In the trees, in the breeze, seek nature’s peace and bliss. —Anonymous
The afternoon silence was replaced with the sounds of faint tapping. It was coming from the South Bank, a sound that was softer than that of a pileated or hairy woodpecker. When I had turned to look, the tapping stopped. I listened closely, my eyes scanning the tree trunks. From across the woods, two small flashes of red danced like small flames around the trunk of a cedar tree. It was a pair of red-breasted sapsuckers.
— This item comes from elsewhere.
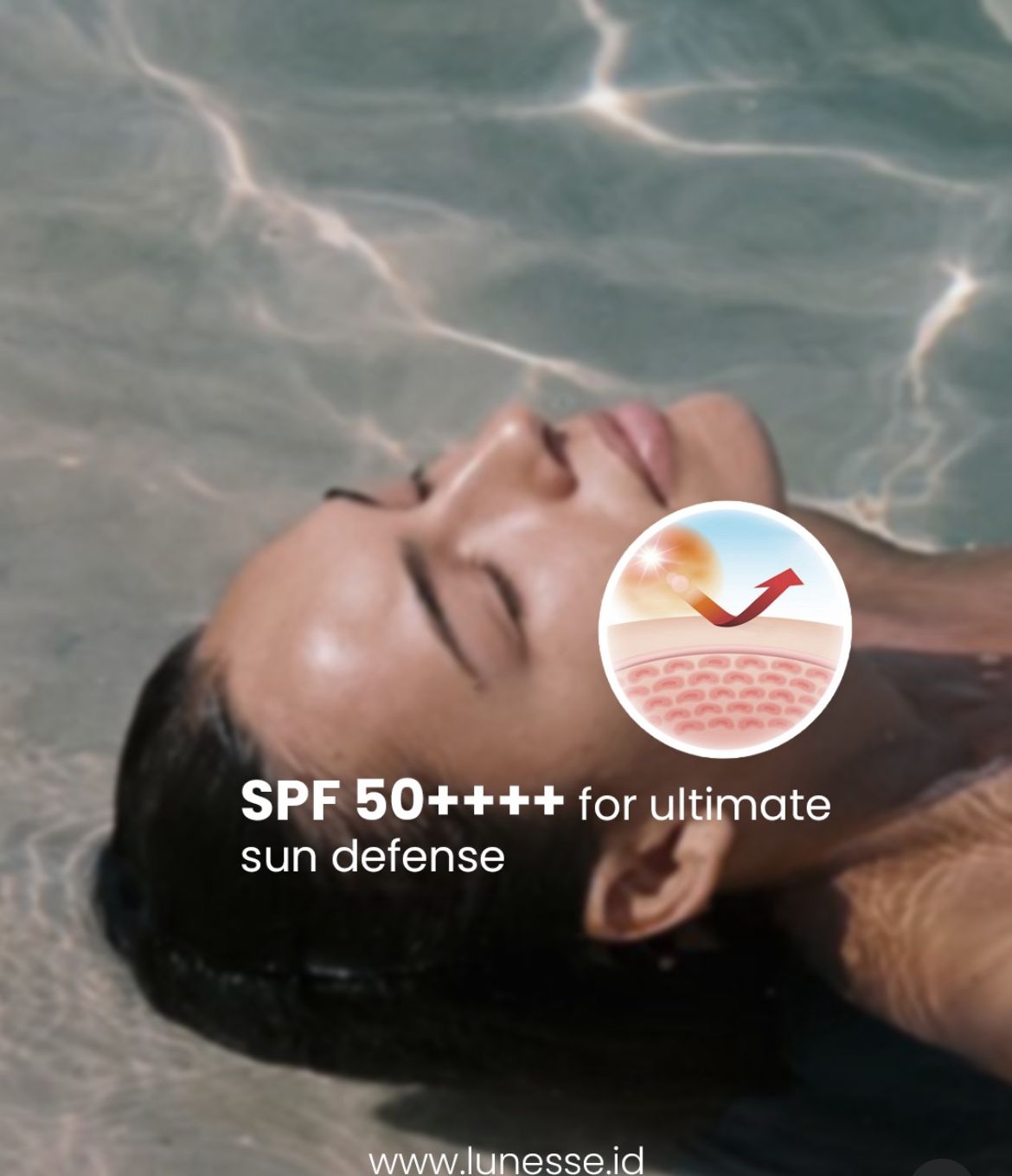 Gunakan Lunesse Daily Essential Sunscreen SPF 50+ PA++++ untuk melindungi kulit dari paparan sinar UVA dan UVB. Jangan lupa untuk melakukan re-apply setiap beberapa jam agar perlindungan kulit tetap maksimal dan membantu mencegah kulit kusam serta penuaan dini.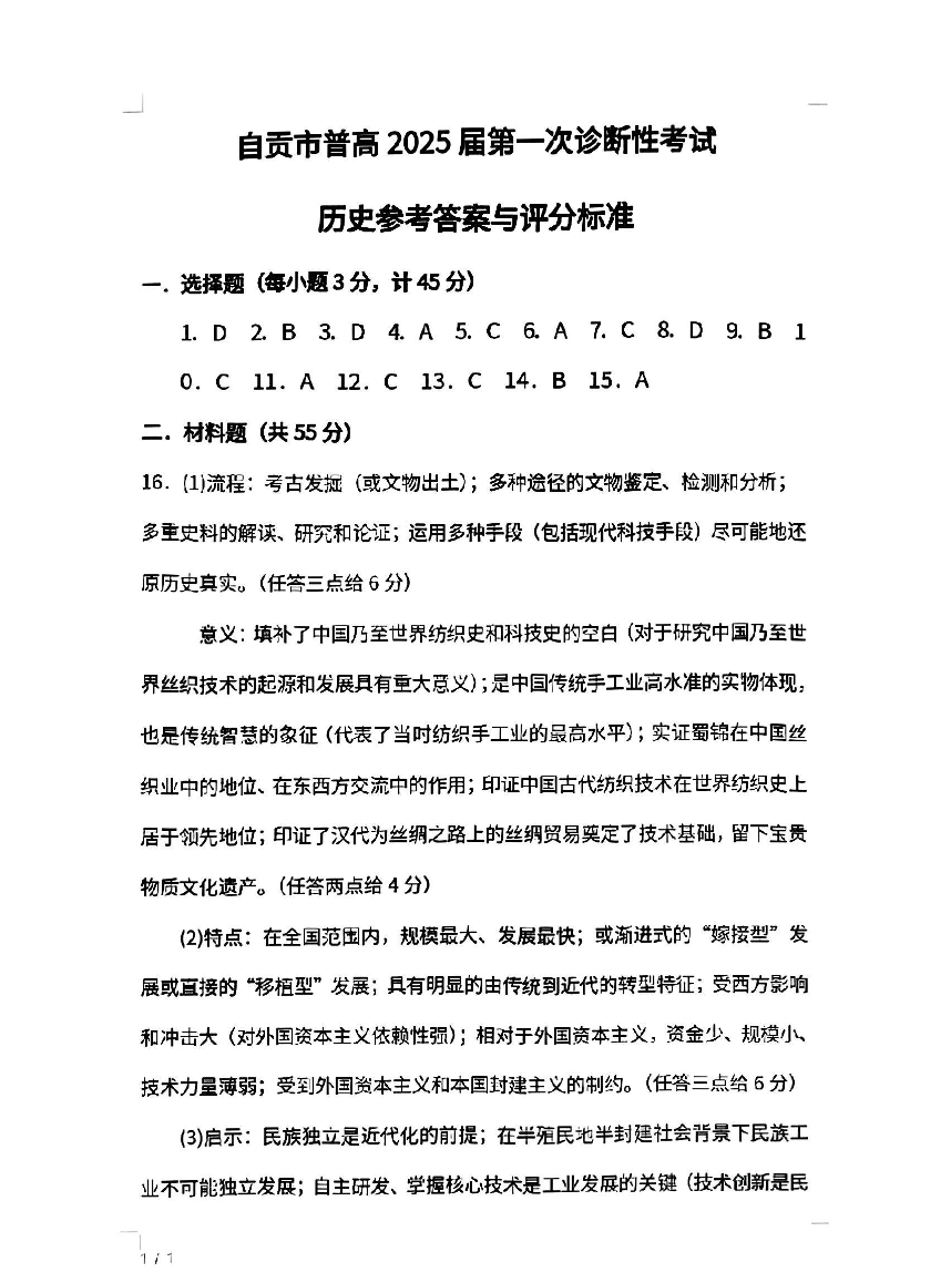 四川省自贡市普高2025届第一次诊断性考试历史答案

The red-breasted sapsucker is a year-round resident of conifer and deciduous forests, river and stream banks, and orchards. They are delightful company often traveling in pairs. Male and females look alike, they are stout, and medium-sized, and easily recognized by a dark red head and white eye spot, pale yellow belly, and black back with a vertical white patch. The sapsucker is a species of woodpecker that, unlike a woodpecker, excavates many small holes in horizontal lines called “sap wells.” When full, the sapsucker returns to drink the sap, which makes up the bulk of its diet. As a bonus, insects trapped in the sap wells give the sapsucker additional protein and energy. While they sometimes forage living trees—stumps, logs, and especially snags, are their favorite and they will tap, pry, and probe to find those hidden insects. Now and then, they catch bugs in flight as well as eat salmonberries, and dine on suet. During nesting season, it is usually the male who excavates the nest in a dead tree or branch. He doesn’t add nesting material, but leaves just enough shavings for a cozy nest. A single brood is raised. The clutch contains four to seven, small white eggs. Incubation is about two weeks, and the nestlings are fed insects.
The red-breasted sapsucker has a variety of unique calls that range from sharp high-pitched bursts to squeaky chatter, to strident, drawn-out mewing. My favorite though is their drum call with irregular clicks that sounds like a stick tapping against a tree.
Look to the trunks of dead trees and you might find their sap wells or maybe catch a glimpse of a sapsucker or two flitting around. If you don’t see them just listen, and you might hear them calling.